Exercise description: Pictures excluded, reproduce exactly the lines below from the one with "how can I put" through the one with "как выглядит Teri", both included.

Records provided:
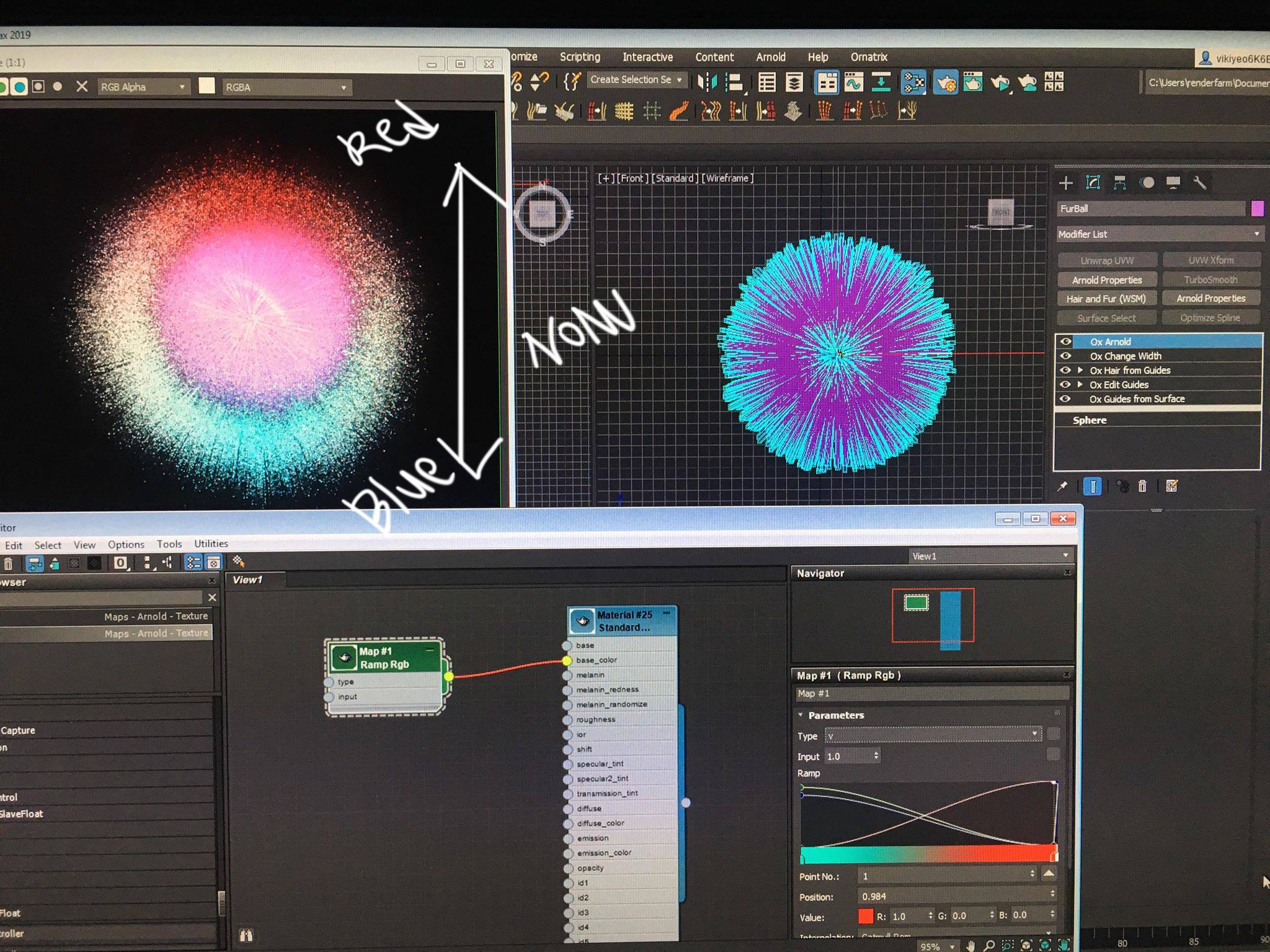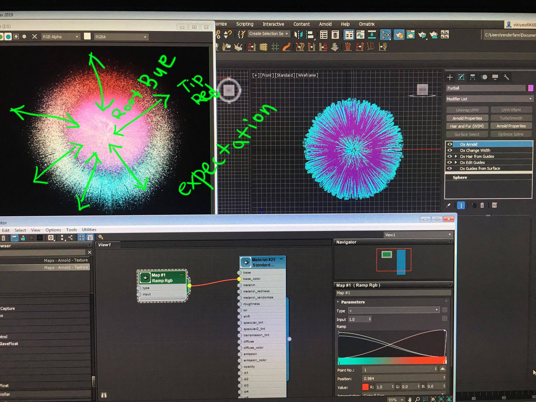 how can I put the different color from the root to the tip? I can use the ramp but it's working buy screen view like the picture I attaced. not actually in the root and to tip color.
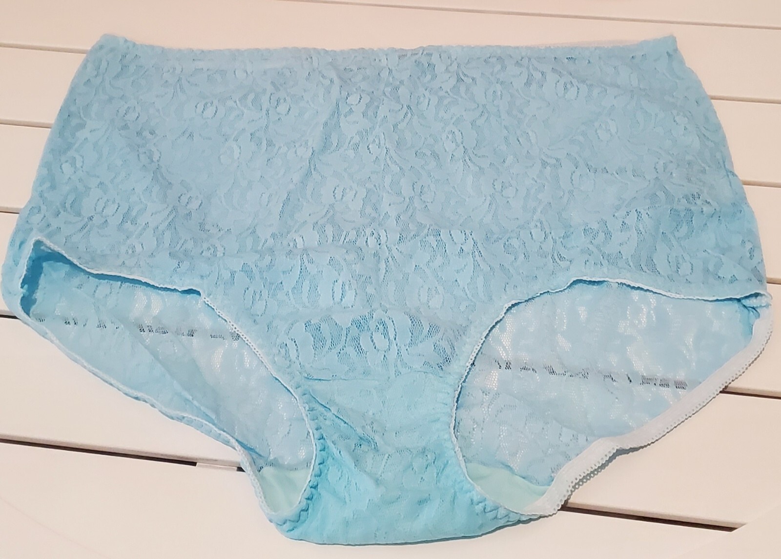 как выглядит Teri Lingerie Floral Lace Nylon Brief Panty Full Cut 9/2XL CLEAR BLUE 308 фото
--
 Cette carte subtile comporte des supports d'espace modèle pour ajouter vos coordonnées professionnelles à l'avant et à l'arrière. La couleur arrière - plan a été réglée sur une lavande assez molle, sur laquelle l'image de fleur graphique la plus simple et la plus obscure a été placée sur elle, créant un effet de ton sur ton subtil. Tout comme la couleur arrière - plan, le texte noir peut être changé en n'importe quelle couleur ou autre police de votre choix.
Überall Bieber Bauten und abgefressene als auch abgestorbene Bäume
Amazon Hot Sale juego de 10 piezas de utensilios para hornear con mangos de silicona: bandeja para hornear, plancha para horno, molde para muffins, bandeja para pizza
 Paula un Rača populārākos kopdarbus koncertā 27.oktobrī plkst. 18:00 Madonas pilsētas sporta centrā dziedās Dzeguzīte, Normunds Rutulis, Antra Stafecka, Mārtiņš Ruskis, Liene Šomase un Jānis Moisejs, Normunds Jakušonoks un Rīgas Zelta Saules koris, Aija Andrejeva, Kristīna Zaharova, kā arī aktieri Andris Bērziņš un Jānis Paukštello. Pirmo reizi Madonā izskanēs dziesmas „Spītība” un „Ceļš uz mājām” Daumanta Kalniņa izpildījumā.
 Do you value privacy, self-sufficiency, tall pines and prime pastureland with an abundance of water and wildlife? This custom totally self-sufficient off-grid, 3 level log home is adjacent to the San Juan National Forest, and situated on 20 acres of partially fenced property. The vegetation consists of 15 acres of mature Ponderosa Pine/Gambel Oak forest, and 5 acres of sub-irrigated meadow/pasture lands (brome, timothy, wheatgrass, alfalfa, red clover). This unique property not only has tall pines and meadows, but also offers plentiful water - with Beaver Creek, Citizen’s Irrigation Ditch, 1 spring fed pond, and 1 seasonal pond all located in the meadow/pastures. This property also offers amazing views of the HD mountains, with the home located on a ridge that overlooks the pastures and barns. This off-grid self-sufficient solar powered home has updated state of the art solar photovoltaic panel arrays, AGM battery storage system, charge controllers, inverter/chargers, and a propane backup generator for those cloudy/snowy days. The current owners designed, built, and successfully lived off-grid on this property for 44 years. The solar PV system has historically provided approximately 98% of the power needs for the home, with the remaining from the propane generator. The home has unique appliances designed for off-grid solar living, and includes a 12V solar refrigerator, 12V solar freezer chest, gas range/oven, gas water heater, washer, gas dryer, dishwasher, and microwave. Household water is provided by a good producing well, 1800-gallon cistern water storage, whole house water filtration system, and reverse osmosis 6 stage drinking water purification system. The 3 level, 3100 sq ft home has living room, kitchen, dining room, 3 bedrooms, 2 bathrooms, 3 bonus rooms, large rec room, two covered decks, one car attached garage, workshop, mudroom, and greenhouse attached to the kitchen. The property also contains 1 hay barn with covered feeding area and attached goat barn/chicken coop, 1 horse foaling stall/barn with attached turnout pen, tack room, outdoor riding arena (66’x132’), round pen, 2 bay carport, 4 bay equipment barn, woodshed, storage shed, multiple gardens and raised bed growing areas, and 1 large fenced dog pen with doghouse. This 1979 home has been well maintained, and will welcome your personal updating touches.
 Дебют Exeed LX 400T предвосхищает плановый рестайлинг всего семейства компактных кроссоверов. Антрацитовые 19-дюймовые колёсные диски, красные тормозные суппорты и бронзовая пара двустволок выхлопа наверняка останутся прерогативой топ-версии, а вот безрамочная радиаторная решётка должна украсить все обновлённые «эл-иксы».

Output for this task:
 how can I put the different color from the root to the tip? I can use the ramp but it's working buy screen view like the picture I attaced. not actually in the root and to tip color.
 как выглядит Teri Lingerie Floral Lace Nylon Brief Panty Full Cut 9/2XL CLEAR BLUE 308 фото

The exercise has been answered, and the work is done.